What has spurred the Japanese into action is the way that rising LNG prices have stoked the country’s mounting trade deficit and exposed power utilities to big financial losses. Not only is LNG becoming more expensive, Japan has also been importing more of it: with most of the country’s nuclear reactors shut down in the wake of the 2011 Fukushima disaster, gas is filling the gap.

. . . .

Other Japanese gas importers, including Tokyo Gas and Osaka Gas, are also trying to move away from oil-linked prices, even for gas not produced in the US. Kansai Electric Power, for example, signed an innovative long-term agreement where the LNG it buys from BP, sourced from various parts of the world, is linked to daily Henry Hub settlements. Kepco is hoping for a 30 per cent reduction in LNG import costs.

So if it did an oil-linked deal with Levant LNG anticipating selling to Asia on the same terms, Gazprom will face increasing difficulty in doing so.  It therefore runs the risk of being effectively short oil (i.e., being hurt by rising oil prices) and long North American gas (hurt by falling gas prices).

But maybe this is the attraction of the deal to the Israelis.  If they anticipate a widening spread between oil and gas prices, and the Russians are willing to pay them the oil price when other marketers, anticipating that the market will soon transition to being priced off of gas (especially North American gas) will only be willing to do deals based on the gas curve.

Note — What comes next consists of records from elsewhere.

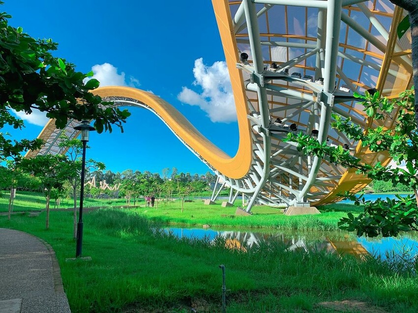 來到南科,別錯過指標性公共藝術「舞彩迎賓」座落的迎曦湖,感受這片悠閒綠地。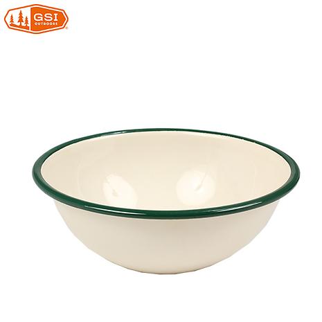 GSI ジーエスアイ デラックスエナメル ボウル クリームは100年以上昔から愛され続けている、強固で美しいホーロー食器の新色です。ホーロー部分は厚みのある鉄板にガラス質釉薬を2回キルン硬化させたエナメルコートを施すことにより、欠けや傷、汚れに強くなっております。こちらの新色はかわいらしいクリーム色をベースにグリーンがアクセントとなっており、人気のアースカラーや、ウッドファニチャー等と相性抜群です。底がラウンドしている深さのある食器ですので、サラダやあえ物などにおすすめです。※こちらはステンレスリムが付いていない商品となります。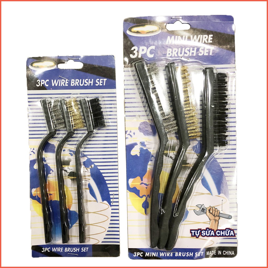 Bộ 3 bàn chải sắt, cước, đồng cán nhựa chuyên đánh rỉ sét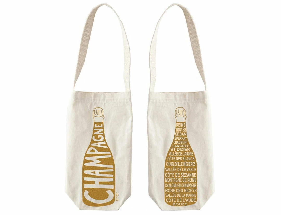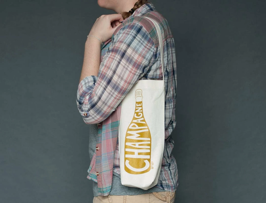 Perfectly fits a bottle of champagne to create a unique gift. Arrive at your next dinner or housewarming party in style and ready to sip some champage with our single wine tote.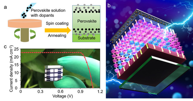 图片说明:原子尺度调控杂质离子在钙钛矿电池的空间分布及光电转换效率图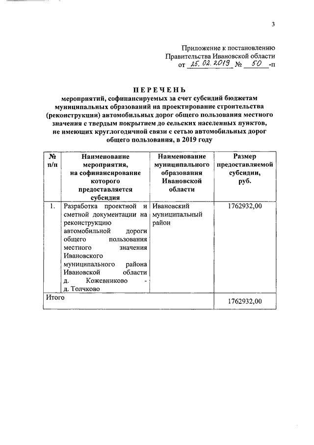 Постановление Правительства Ивановской области от 25.02.2019 N 50-п "Об утверждении перечня мероприятий, софинансируемых за счет субсидий бюджетам муниципальных образований на проектирование строительства (реконструкции) автомобильных дорог общего пользования местного значения с твердым покрытием до сельских населенных пунктов, не имеющих круглогодичной связи с сетью автомобильных дорог общего пользования, в 2019 году"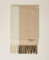 Jacquard scarf with geometric pattern, fringed hem, contrasting logo.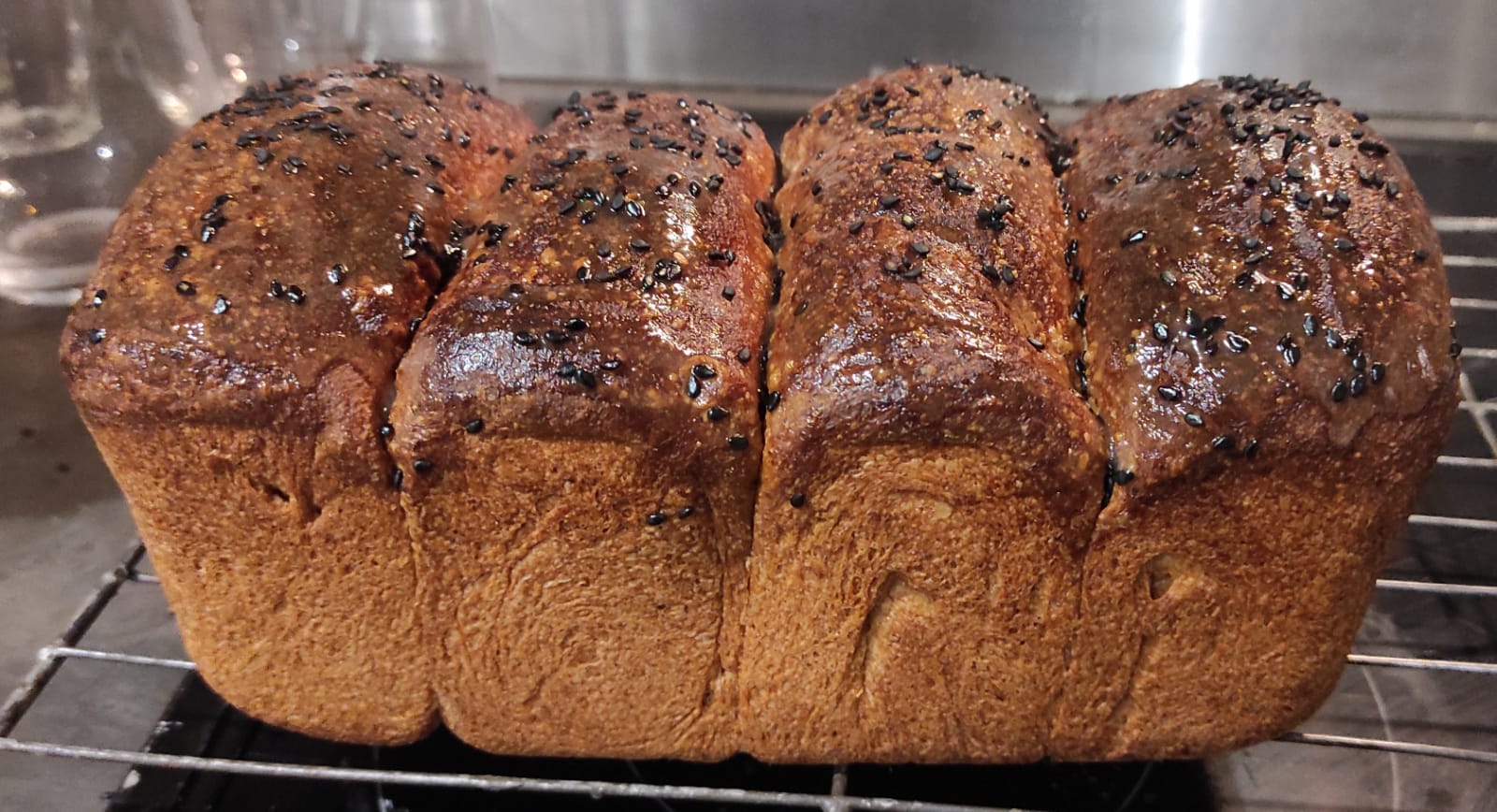 Benny's 100% wholewheat Hokkaido recipe is the recipe that just keeps on giving, and I keep on seeing miraculous loaves coming from the oven even as the recipe is tweaked and stretched which really surprises someone like me who is used to the experience of failed experiments when things are pushed too far.

So although the potential exposure to Gazprom opportunism would suggest that the Israelis would be suckers to enter into an exclusive deal with the Russian firm, Gazprom’s increasingly frantic attempts to defend the oil link may be leading the firm to overpay.  So maybe the Israelis are thinking that Gazprom is the sucker.

The pricing mechanism in gas is in a state of transition.  Moreover, these transitions tend to be very abrupt and “tippy.”  Once the market starts to shift from one benchmark to another, the move is self-reinforcing: there is a positive feedback effect as the liquidity in the new benchmark increases, attracting more trade, which increases liquidity, and so on.  The tipping process is well underway in Europe, and if Japan truly does move to gas based pricing and away from its historic commitment to oil linkage, that would likely start the snowball rolling downhill in Asia too.

Just look at what has happened in iron ore.  In a period of about two years, the industry has moved from annual negotiated contracts to spot price indexed deals between miners and steelmakers.

The economic case for gas linkage is compelling.  Gas prices reflect, well, gas market supply and demand fundamentals.  Oil prices, not so much.  The potential for misalignment of prices and values, which is so evident in European gas markets in particular, is much greater with oil indexing than gas indexing.  It is this misalignment that leads to misallocation of resources, and to disputes between buyers and sellers.   This provides a natural impetus towards the move to gas indexing.

But Gazprom is wedded to oil linkages.  Its commitment is likely what makes it willing to offer such a deal to the Israelis, and it is at least plausible that the Israelis see the writing on the wall that oil linkage is dying, and are calculating if Gazprom wants to be the sucker and lock itself into this obsolete mechanism, why should they say no?